Ileal tissue from inflamed pediatric CD patients vs. non-inflamed have distinct metabolic signatures. (A) A dendrogram depicting relative abundances of the 50 most significant compounds (top to bottom) compared between inflamed ileal tissue (red, left) and non-inflamed ileal tissue (green, right) patients (left to right). Data was obtained with reverse phase liquid chromatography mass spectrometry (LC–MS) in positive ion mode. Detailed LC–MS compound information is detailed in Supplemental Table 2. Supplemental Table 2 clarifies the y-axis labels, which are the feature numbers, the compounds, their elemental formulas, their molecular weight, as their chromatographic retention time. (B) Pathway analysis of pilot data using the mummichog analytic approach showed the enrichment of multiple metabolites including vitamin B3 metabolism, pyrimidine metabolism, nitrogen metabolism and other lipid and amino acid pathways in CD compared to control tissue groups, in alignment with our in silico findings.

Figure 6

Overview of Methods Framework: (A) Risk Stratification and Identification of Immunogenetic and Microbial Markers of Rapid Disease Progression in Children with Crohn’s Disease (RISK) is a prospective inception cohort study, which enrolled 1,276 pediatric patients with IBD at diagnosis at 28 sites in North America between 2008 and 2012. It includes n = 163 patients with ileal Crohn's disease and n = 42 healthy controls.

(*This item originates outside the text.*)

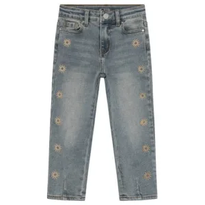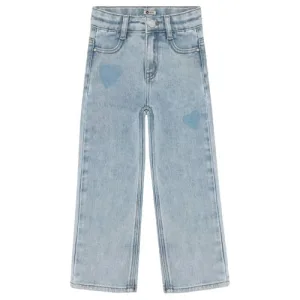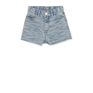 Daily7 denim straight regular waist short met hartjes light blue denim
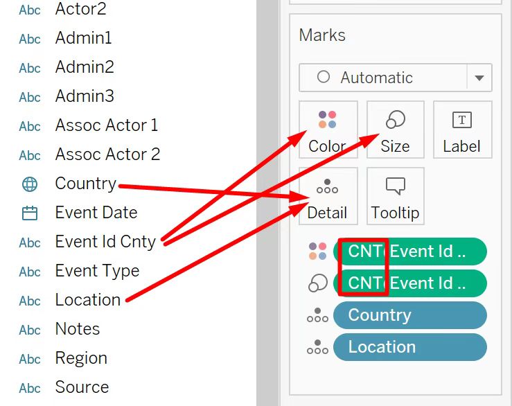 - Drag ‘Event Id Cnty’ to Color and Size and set measure of both to Count. Then Drag ‘Country’ and ‘Location’ to Detail.

These transcriptomic abundances were overlaid onto Recon3D. Recon 3D is a comprehensive human metabolic network model consisting of three-dimensional (3D) metabolite and protein structure data. (B) Flux Balance Analysis workflow. Reaction Inclusion by Parsimony and Transcript Distribution (RIPTiDe) Flux Balance Analysis algorithm was used to generate flux values for the flow of metabolites through our ileal-specific metabolic network reconstruction. RIPTiDe generates stoichiometric equations for reactions and utilizes the transcriptomic expression of critical enzymes and metabolites to quantify flux within a specific disease state. A growth constraint is built into this algorithm to identify the reactions most efficient in generating biomass. (C) Random Forest Classifier Overview. Discriminating reactions between CD patient subtypes were determined using Random Forests (RF). The RF classifier used multiple classification trees to sample a given dataset and asked a series of T/F questions related to flux values to "learn" which metabolic reaction fluxes distinguished Crohn's disease versus normal tissues.